#### WHAT THE TASK REQUIRES
Below are records; reproduce exactly the lines from the one that has "Americká ekonomika v" through the one that has "W dniu 3 lipca", ends included, and nothing more.

#### RECORDS
__________

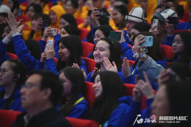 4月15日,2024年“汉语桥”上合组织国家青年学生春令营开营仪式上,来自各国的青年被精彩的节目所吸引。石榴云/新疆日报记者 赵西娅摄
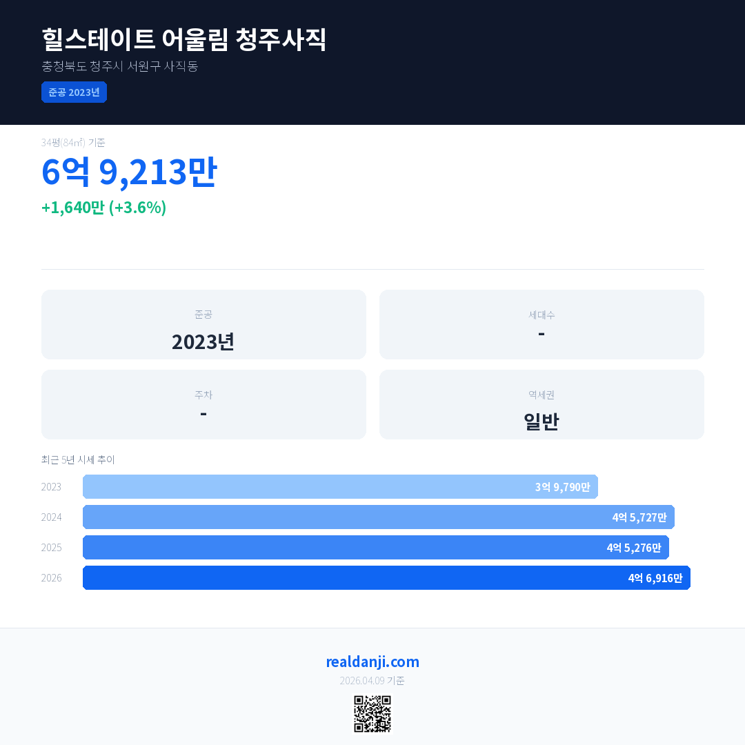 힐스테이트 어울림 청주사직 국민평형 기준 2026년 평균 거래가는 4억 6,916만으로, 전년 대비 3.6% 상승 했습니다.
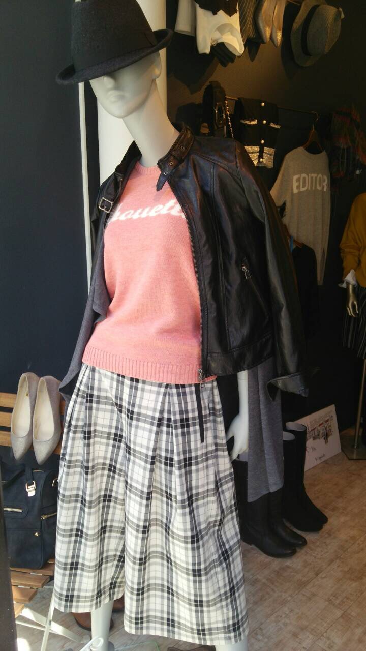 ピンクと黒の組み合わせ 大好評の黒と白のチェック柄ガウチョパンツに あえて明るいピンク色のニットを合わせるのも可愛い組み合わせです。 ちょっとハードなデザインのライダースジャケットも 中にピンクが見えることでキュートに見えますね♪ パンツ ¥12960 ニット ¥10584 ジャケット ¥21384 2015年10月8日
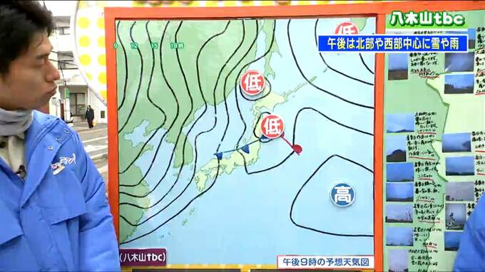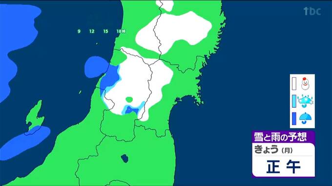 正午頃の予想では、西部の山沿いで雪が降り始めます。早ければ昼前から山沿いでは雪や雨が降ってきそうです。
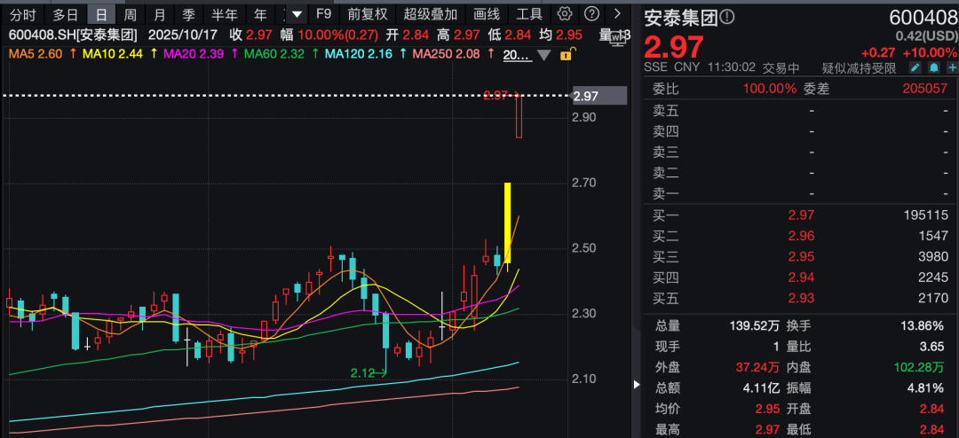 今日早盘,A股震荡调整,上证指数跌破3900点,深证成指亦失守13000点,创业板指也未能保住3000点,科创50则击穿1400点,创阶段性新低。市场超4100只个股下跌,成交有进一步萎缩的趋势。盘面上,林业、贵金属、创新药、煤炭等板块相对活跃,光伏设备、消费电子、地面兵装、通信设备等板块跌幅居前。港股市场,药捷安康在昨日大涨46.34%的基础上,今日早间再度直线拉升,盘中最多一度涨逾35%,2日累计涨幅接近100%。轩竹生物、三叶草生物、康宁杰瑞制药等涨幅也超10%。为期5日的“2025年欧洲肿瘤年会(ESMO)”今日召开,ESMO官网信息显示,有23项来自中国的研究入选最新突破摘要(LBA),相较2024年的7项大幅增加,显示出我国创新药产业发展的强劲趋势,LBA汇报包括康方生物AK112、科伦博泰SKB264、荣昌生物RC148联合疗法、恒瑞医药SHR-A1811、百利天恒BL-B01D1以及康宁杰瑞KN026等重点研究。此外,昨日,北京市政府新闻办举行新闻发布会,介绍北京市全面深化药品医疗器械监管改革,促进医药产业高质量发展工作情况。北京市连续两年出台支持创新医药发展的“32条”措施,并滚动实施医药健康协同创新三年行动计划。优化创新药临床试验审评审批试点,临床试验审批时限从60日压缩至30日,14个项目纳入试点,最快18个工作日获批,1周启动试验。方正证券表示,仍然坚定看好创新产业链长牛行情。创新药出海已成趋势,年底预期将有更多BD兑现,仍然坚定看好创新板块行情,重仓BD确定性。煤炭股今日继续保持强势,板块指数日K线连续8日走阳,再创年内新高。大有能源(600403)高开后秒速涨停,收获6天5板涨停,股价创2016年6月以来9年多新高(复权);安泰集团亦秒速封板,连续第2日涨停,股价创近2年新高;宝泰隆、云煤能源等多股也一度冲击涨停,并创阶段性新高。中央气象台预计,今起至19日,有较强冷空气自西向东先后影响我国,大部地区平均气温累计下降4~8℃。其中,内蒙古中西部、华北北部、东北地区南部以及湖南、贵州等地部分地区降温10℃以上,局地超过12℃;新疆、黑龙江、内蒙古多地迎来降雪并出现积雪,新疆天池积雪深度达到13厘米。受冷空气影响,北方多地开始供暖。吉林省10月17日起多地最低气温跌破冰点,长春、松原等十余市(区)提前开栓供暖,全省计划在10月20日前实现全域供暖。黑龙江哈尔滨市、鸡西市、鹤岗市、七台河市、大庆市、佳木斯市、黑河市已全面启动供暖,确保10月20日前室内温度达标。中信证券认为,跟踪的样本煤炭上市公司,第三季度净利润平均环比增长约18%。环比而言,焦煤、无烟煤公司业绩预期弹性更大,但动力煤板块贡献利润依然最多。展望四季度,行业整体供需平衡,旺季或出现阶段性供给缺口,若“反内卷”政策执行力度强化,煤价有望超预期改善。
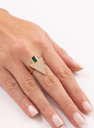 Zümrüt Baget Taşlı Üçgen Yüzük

__________

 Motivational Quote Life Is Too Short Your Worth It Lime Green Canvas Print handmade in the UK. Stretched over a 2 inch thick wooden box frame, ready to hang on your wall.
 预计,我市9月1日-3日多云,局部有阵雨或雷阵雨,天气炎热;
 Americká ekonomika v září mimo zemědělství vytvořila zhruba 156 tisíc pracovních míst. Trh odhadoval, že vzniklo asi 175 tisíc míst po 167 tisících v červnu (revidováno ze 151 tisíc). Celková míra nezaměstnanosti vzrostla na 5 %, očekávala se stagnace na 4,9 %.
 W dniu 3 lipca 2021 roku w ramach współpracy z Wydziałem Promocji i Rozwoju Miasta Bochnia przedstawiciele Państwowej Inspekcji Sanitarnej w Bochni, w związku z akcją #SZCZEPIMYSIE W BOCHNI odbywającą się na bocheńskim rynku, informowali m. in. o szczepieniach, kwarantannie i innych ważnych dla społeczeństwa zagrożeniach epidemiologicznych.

__________

#### REPLY
 Americká ekonomika v září mimo zemědělství vytvořila zhruba 156 tisíc pracovních míst. Trh odhadoval, že vzniklo asi 175 tisíc míst po 167 tisících v červnu (revidováno ze 151 tisíc). Celková míra nezaměstnanosti vzrostla na 5 %, očekávala se stagnace na 4,9 %.
 W dniu 3 lipca 2021 roku w ramach współpracy z Wydziałem Promocji i Rozwoju Miasta Bochnia przedstawiciele Państwowej Inspekcji Sanitarnej w Bochni, w związku z akcją #SZCZEPIMYSIE W BOCHNI odbywającą się na bocheńskim rynku, informowali m. in. o szczepieniach, kwarantannie i innych ważnych dla społeczeństwa zagrożeniach epidemiologicznych.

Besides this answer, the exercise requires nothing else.